During code development the programmer is supposed to modify the text of modules *.cra and *.car. Once this is done one has to run the preprocessor.

Let us assume that the user's code is located un file example.car, which contains the preprocessor instructions. To build executable code the user has to run the preprocessor ypatchy.py which is located in ~/newcrs/bin

./ypatchy.py example.car

The preprocessor will now replace all INCLUDE statements by the relevant code and write the result to file example.py which can be later executed as regular python code.

It is important that all code development is done on car and cra files, as the files with extension py are overwritten each time the preprocessor is invoked.

The setup_crs command.

In order to make sure that the user always uses the most recent version of the code I have written a setup_crs script. This is a wrapper around the preprocessor ypatchy.py command, which re-creates the most recent version of the code from the current cra and car files as well as recreates some important symbolic links. Users are instructed to execute the setup_crs command each time before they start to work.

Code Modules

The code is organized into several modules which are combined by the preprocessor before the execution. By convention the modules have extensions cra and car. Here are short descriptions of the most important ones:

  1. MAIN.cra Contains the skeleton code of the user's main job.

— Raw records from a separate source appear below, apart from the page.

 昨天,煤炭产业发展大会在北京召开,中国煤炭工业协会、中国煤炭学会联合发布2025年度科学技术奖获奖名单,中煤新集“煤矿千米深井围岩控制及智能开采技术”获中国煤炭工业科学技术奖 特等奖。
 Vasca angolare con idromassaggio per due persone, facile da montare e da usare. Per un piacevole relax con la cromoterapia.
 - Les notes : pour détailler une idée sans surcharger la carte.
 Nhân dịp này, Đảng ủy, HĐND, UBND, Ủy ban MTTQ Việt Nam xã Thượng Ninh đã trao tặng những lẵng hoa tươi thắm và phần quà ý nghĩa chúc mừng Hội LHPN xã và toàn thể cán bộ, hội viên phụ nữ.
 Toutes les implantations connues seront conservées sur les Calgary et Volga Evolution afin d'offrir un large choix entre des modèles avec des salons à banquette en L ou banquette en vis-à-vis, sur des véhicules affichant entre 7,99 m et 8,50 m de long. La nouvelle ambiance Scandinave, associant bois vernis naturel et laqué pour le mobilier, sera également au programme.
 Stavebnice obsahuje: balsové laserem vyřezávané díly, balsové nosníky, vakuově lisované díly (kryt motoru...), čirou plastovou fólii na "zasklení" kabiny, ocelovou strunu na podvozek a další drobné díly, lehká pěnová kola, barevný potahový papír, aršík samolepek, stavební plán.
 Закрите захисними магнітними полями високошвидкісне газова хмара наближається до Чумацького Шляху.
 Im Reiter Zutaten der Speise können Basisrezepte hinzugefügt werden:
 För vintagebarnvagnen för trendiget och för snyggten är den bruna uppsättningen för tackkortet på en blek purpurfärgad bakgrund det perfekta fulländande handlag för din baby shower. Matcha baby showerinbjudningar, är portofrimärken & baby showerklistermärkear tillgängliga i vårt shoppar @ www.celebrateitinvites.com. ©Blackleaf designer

Upon this module the CRS job is built.
  2. MYSQL.car Contains routines which interface python code to MySQL? databases.
  3. SSH.car Contains Packages for communications between computers - those include routines for execution of remote ssh commands as well as wrappers around routins wchich communicate with remote routines via TCP/UDP sockets.
  4. PROCMAN.car Routine for managing parallel processes, used when it is necessary to fork a child process from the main thread.
  5. LOCK.car Package for creating and managing locks.
  6. LOGBOOK.car Package for managing job's logbook.
  7. READ_CRS_CONF.car Package which reads the job description file and sets all environment variables.
  8. TCP.car some TCP communication routines.
  9. CRS_JOBS.car Main engine which contains routines for communicating between user and jobs. Those routines are called either from the main panel (GUI) or from the line mode commands. 10. crs_panel.cra The skeleton of the code of the main panel GUI 11. crs_job.cra The skeleton of the code used to invoke line mode commands. 12. MAIL.car The code for sending mail messages to users and/or operators

Code Management, Distribution and Backup.

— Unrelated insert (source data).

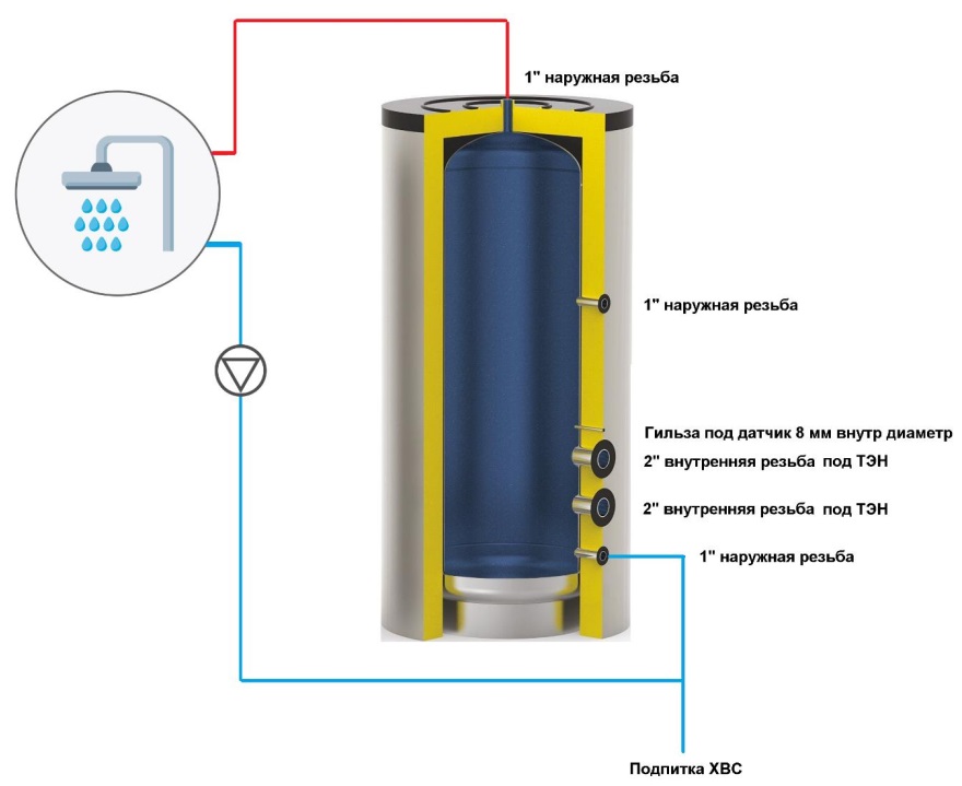 Бак S-Tank AT Electro применяется в системах с электрическими нагревательными элементами (ТЭНами). Устройство предназначенно для аккумулирования тепла от электротэнов, которые размещаются в отверстия диаметром 2". Стандартное количество отверстий – 2 шт. На внешней стороне бака расположены шпильки для крепления шкафа управления электрическими ТЭНами.
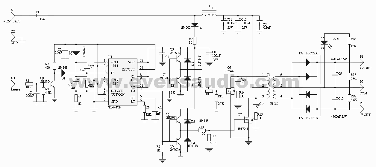 อธิบายแบบคร่าวๆนะครับ U1 เป็นไอซี PWM Control ทำหน้าที่กำเนิดสัญญาณ PWM (Pulse Width Modulation) ขอเรียกสั้นๆว่า พัลซ์ ซึ่งถูกกำหนดความถี่ออสซิลเลเตอร์ภายในโดย R6,C3 จากสูตร fosc=1.1/(RT*CT) วงจรนี้ความถี่สวิตชิ่งจะหาร2จากความถี่ออสซิลเลเตอร์ ตามวงจรความถี่ออสซิลเลเตอร์กำหนดไว้ประมาณ 91.6kHz ดังนั้นความถี่สวิตชิ่งอยู่ที่ประมาณ 45.8kHz ในส่วนของวงจร Remote ประกอบด้วย Q1,R1,R2,R3,C1,D1 และ C7 คือวงจรจะคอยตรวจสอบแรงดัน 12V ที่ขา Remote เพื่อควบคุมการจ่ายพัลซ์เป็นการสั่งเปิด-ปิดเครื่องโดยวิทยุในรถยนต์ D2,C6,R4,R5 เป็นวงจร Soft-Start วงจรจะค่อยๆปรับความกว้างของพัลซ์ทีละนิดขณะเปิดเครื่องครั้งแรก Q2,Q3,Q4,Q5,D3,D4,D5,D6,R7,R8 คือวงจร Gate Drive ช่วยเพิ่มกระแสขับให้มอสเฟ็ต R10,R11 คือ R-Gate และ R12,R13 เป็น Pulldown Resistor มีหน้าที่ช่วยลดอิมพีแดนซ์ของมอสเฟ็ต ช่วยดิสชาร์จความจุภายใน G-S ของมอสเฟ็ต Q6,Q7 เป็นเพาเวอร์มอสเฟ็ตที่ต่อเป็นวงจรสวิตชิ่งคอนเวอร์เตอร์แบบพุชพูล (Push-Pull) C13,C14, R14,R15 เป็นวงจร สนับเบอร์ (Snubber) ช่วยลดสัญญาณรบกวนของวงจรสวิตชิ่ง วงจรควบคุมพัลซ์จะใช้ไฟ 12Vdc จากแบตเตอรี่ผ่านฟิวส์ F1 มาทาง D7,R9 โดยมี C4,C8 ทำหน้าที่เป็น Decoupling *L1,C5,C11,C12 เป็นวงจรกรอง ความถี่ต่ำ ป้องกันสัญญาณรบกวนจากการสวิตซ์มารบกวนระบบภายนอก T1 ทำหน้าที่เป็นหม้อแปลงความถี่สูงปรับแรงดันไฟขึ้นซึ่งเราได้มาจากซัพพลายคอมพิวเตอร์ ซึ่งโครงงานนี้เราจะกลับด้านหม้อแปลง นำเอาขดเดิมที่เคยเป็น Seccondary 12V นำมาจ่ายพัลซ์เข้าไป และขดด้านไฟออกจากเดิมที่เคยเป็น Primary จะกลายเป็นเอาต์พุต นำไปเร็กติไฟร์ด้วย D8,D9 และฟิลเตอร์ด้วย C9,C10 และมี R17,R18 ทำหน้าที่เป็นโหลดดิสชาร์จตัวเก็บประจุทิ้ง R16,LED1 ทำหน้าที่แสดงผลการทำงานของเครื่อง
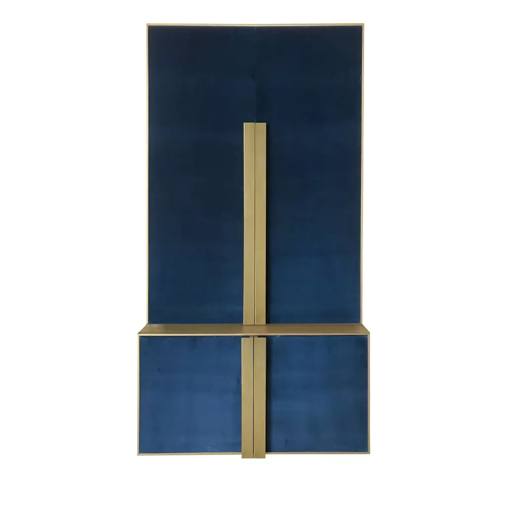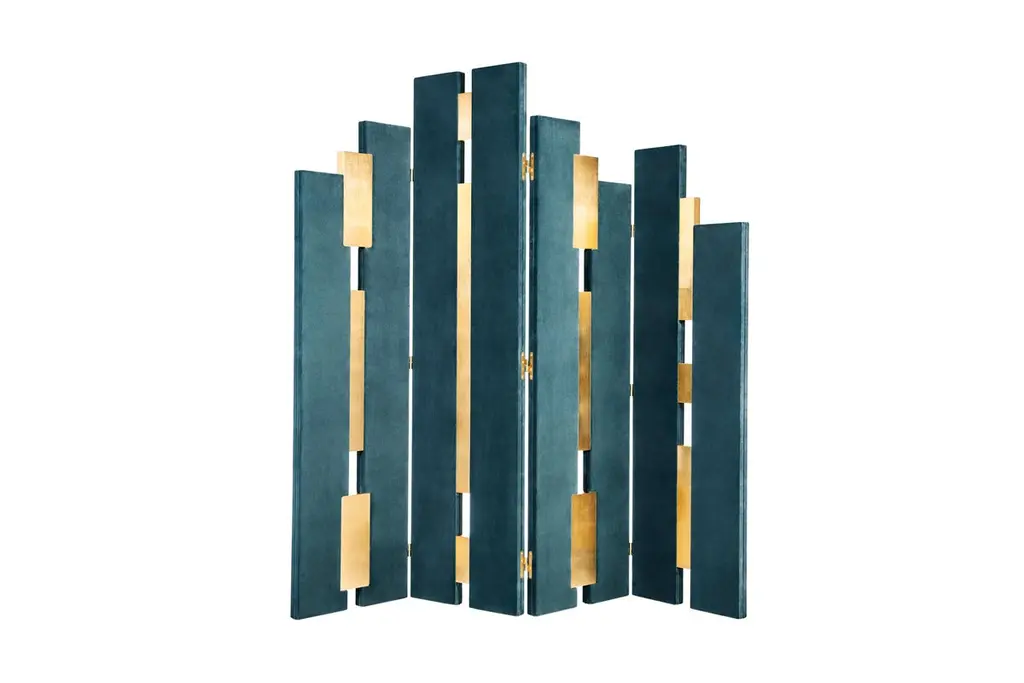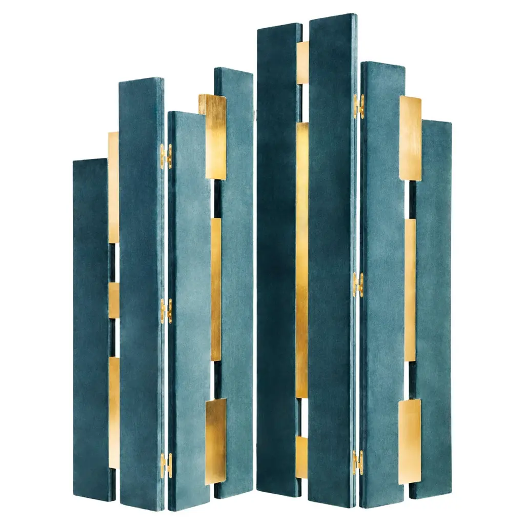 Empire Folding Screen by MunnaDimensions: D 5 x W 212 x H 201 cm. Materials: Wood, upholstery, gold leaf, and brass.Finish: Upholstery: Cotton Velvet. Wood panels: Gold Leaf with a gloss finish. Metal details: Polished brass.Available in all Munna fabrics except Wild Silk. Available in client’s own material. Leaf finishes: Gold, Silver, or Copper leaf. Metal finishes: Brass, Nickel, or Copper, in polished or brushed finishing. Handmade in Porto. Please contact us.Established in Porto in 2008, Munna is a furniture design brand renowned for creating handmade upholstery with unmatched craftsmanship, seamlessly blending noble materials and timeless design, for both commercial and residential projects.Made by hand in Porto, Munna’s pieces honor the profound heritage of craftsmanship, while drawing inspiration from history’s most influential artistic periods. Munna’s pieces are made of the finest fabrics such as cotton velvet, twill, leather, and silk; the finest wood veneers, such as ebony, walnut, and rosewood; sumptuous gold, silver, and copper leaves, metal details in brass, nickel, and copper, and superior lacquers.
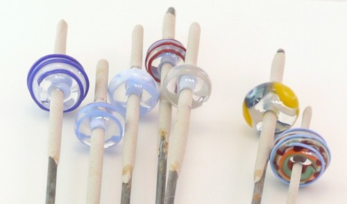 I'm still a bit unsure as to which colour dots of glass will show up the best so made a couple of quick test beads.
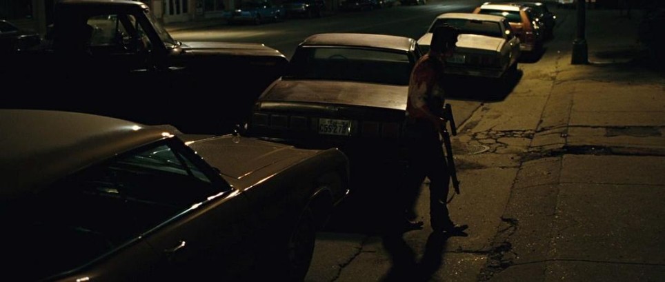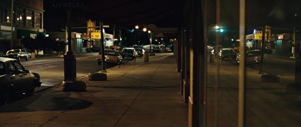 画面中唯一的主动光源是街道路灯,属于典型的人造暖光(2700K - 3000K色温区间),其特征与电影内核深度绑定: 低照度≠无存在感:街灯亮度仅够照亮街道局部(车辆顶部、人物肩部),却让90%画面陷入暗部——这是《老无所依》“反好莱坞打光”的核心:拒绝“主角式补光”,用弱光模拟现实中夜晚的“信息缺失”,暗示暴力随时从暗处爆发(如Chigurh突袭Moss时,旅馆走廊的昏黄顶灯)。 暖色调的欺骗性:暖光本应传递“安全、怀旧”,但在电影语境中,它是暴力的糖衣。

The code is stored in ~/newcrs/bin directory on each account on each submit machine. It is necessary to maintain the same code version for each experiment. To do this I have written a home-grown primitive CVS-like management system.

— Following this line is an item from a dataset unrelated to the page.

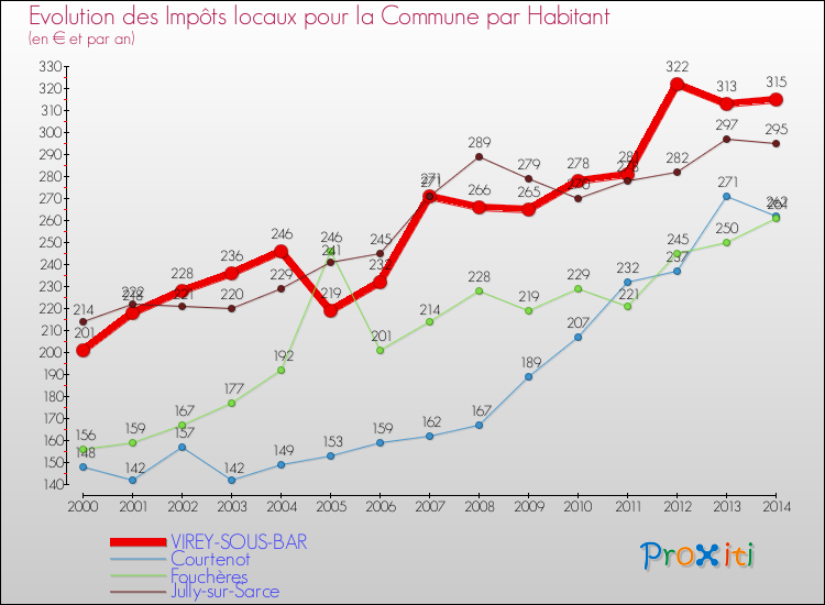 A Virey-sous-Bar, les impôts locaux par habitant ont donc augmentés de 56.72 % entre 2000 et 2014.
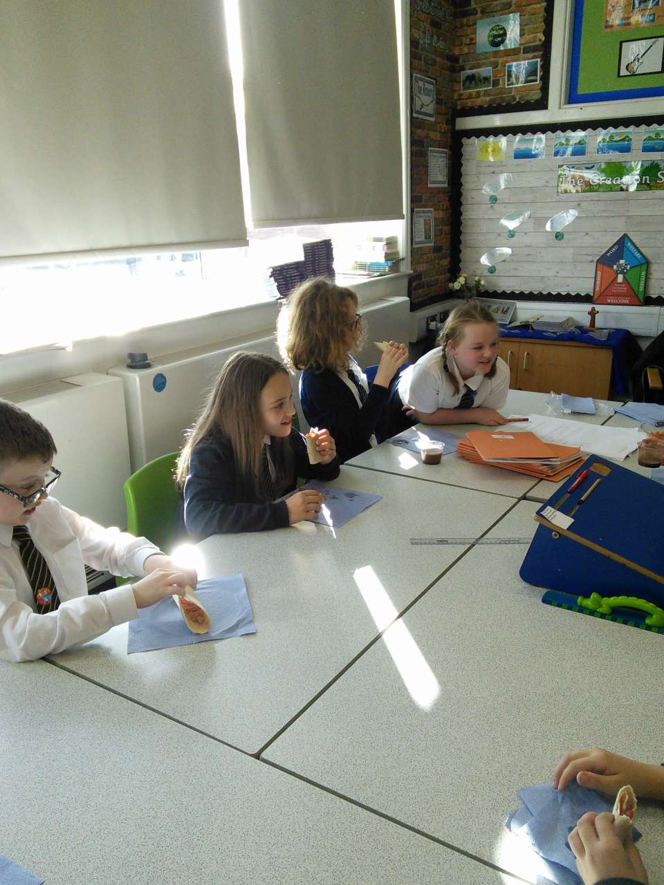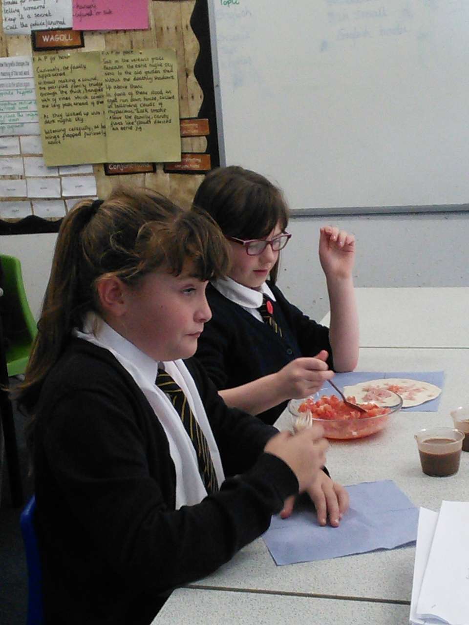 After studying the Mayans for a number of weeks =, Year 5’s work has culminated in them getting to try out some recipes similar to those the Mayans would have eaten. This included eating totillas made from corn (as maize was a staple of the Mayan diet), making a salsa and getting to try an ancient Mayan recipe for hot chocolate which included, cinnamon, honey and chilli!

Each time the developer creates new version of the code he should make it official by going to ~/newcrs/bin command and invoking the command:

./update_code

The code will then ask you for your name, respond by typing your initials:

Type your name:TW

The it will ask you for comment, type short description of the new version of code:

comment? this is test version of the code

Once you hit enter, the new version of the code will be given a number, the entire code in ~/newcrs/bin will be packed into tar file and stored in a special directory where it waits to be exported to a code repository.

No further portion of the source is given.